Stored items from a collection
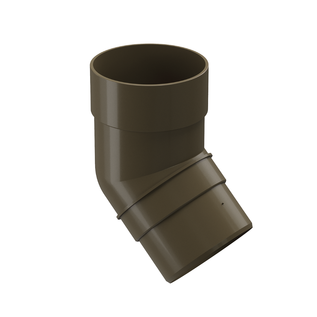 Колено водосточной трубы 45 градусов, выполненное в цвете «Каштан» применяется при создании узла связи между воронкой желоба и трубой идентичного цвета.
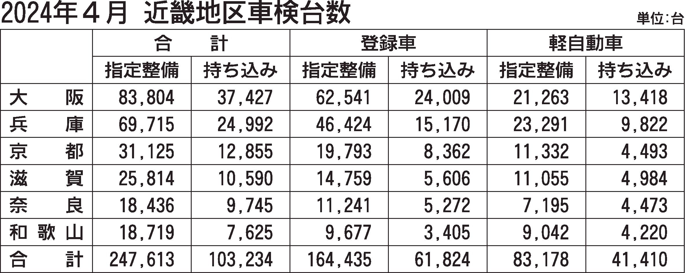 近畿2府4県の4月の継続検査(車検)台数(軽自動車を含む)は、前年同月比6.9%増の35万847台で、6カ月ぶりに前年を上回った。整備事業者が自動車保有関係手続きワンストップサ―ビス(OSS)を活用して、ユーザーと事業者が3月の繁忙期を避...
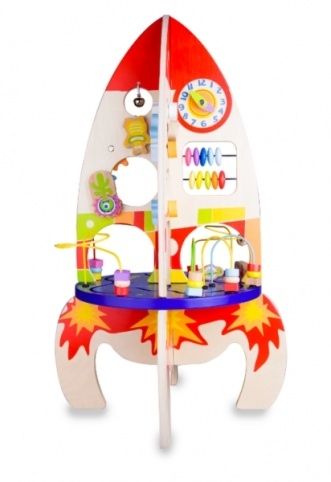 Hrací stůl dřevo edukační raketa 37x62x37cm pro nejmenší v krabici 32x45x20cm
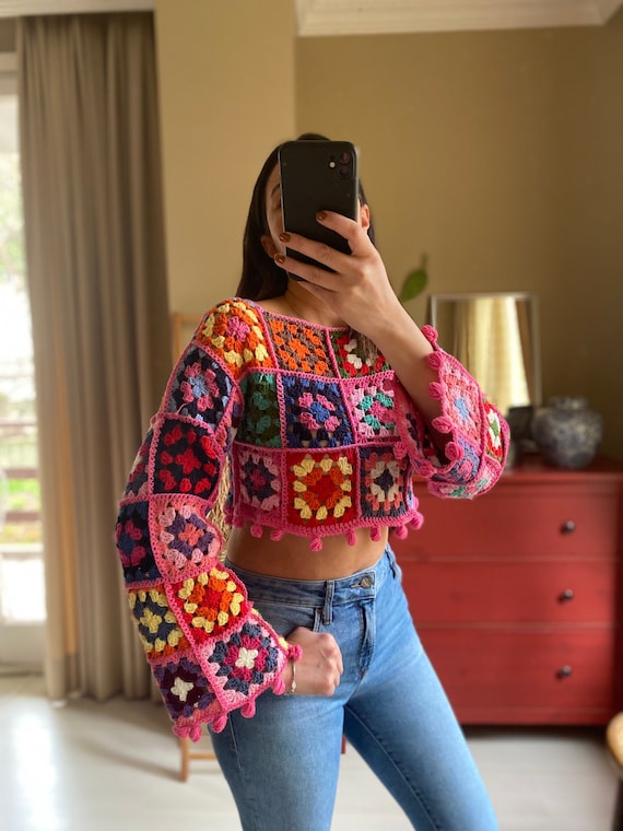 Granny Square Crop Top Long Sleeve Top Crochet Crop Sweater Festival Top Crochet Patchwork Top Etsy Uk
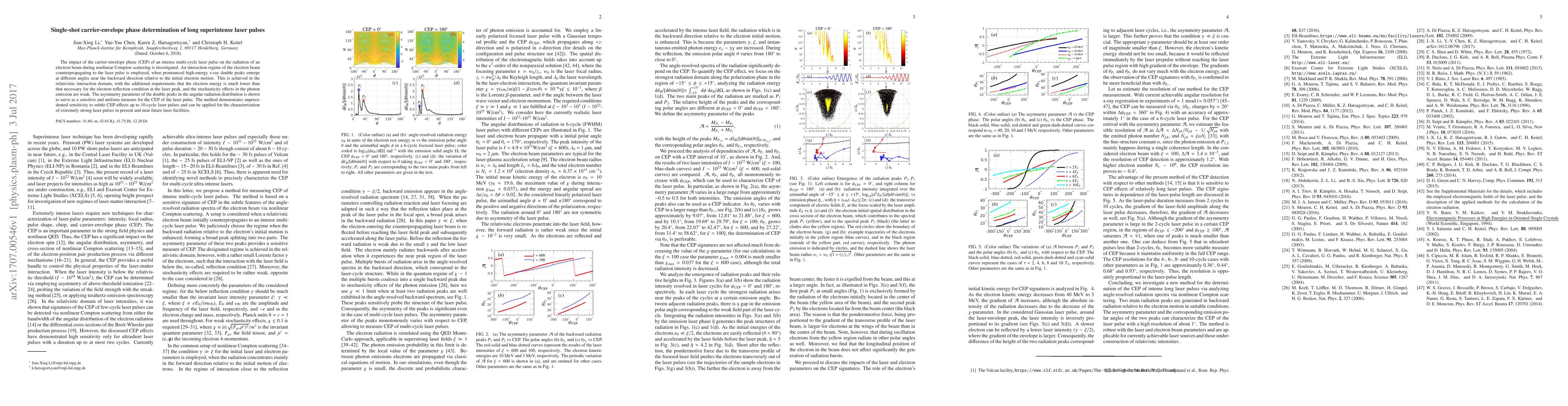 This paper investigates the effect of the carrier-envelope phase (CEP) on electron beam radiation in nonlinear Compton scattering using long superintense laser pulses. The asymmetry parameter of high-energy x-ray double peaks serves as a precise measure for CEP determination, demonstrating high sensitivity for characterizing extremely strong laser pulses.

(What this task involves) To answer, repeat exactly the lines from the line containing "Granny Square Crop" through the last line of the data above, leaving out all pictures.

(Response to the task)
 Granny Square Crop Top Long Sleeve Top Crochet Crop Sweater Festival Top Crochet Patchwork Top Etsy Uk
 This paper investigates the effect of the carrier-envelope phase (CEP) on electron beam radiation in nonlinear Compton scattering using long superintense laser pulses. The asymmetry parameter of high-energy x-ray double peaks serves as a precise measure for CEP determination, demonstrating high sensitivity for characterizing extremely strong laser pulses.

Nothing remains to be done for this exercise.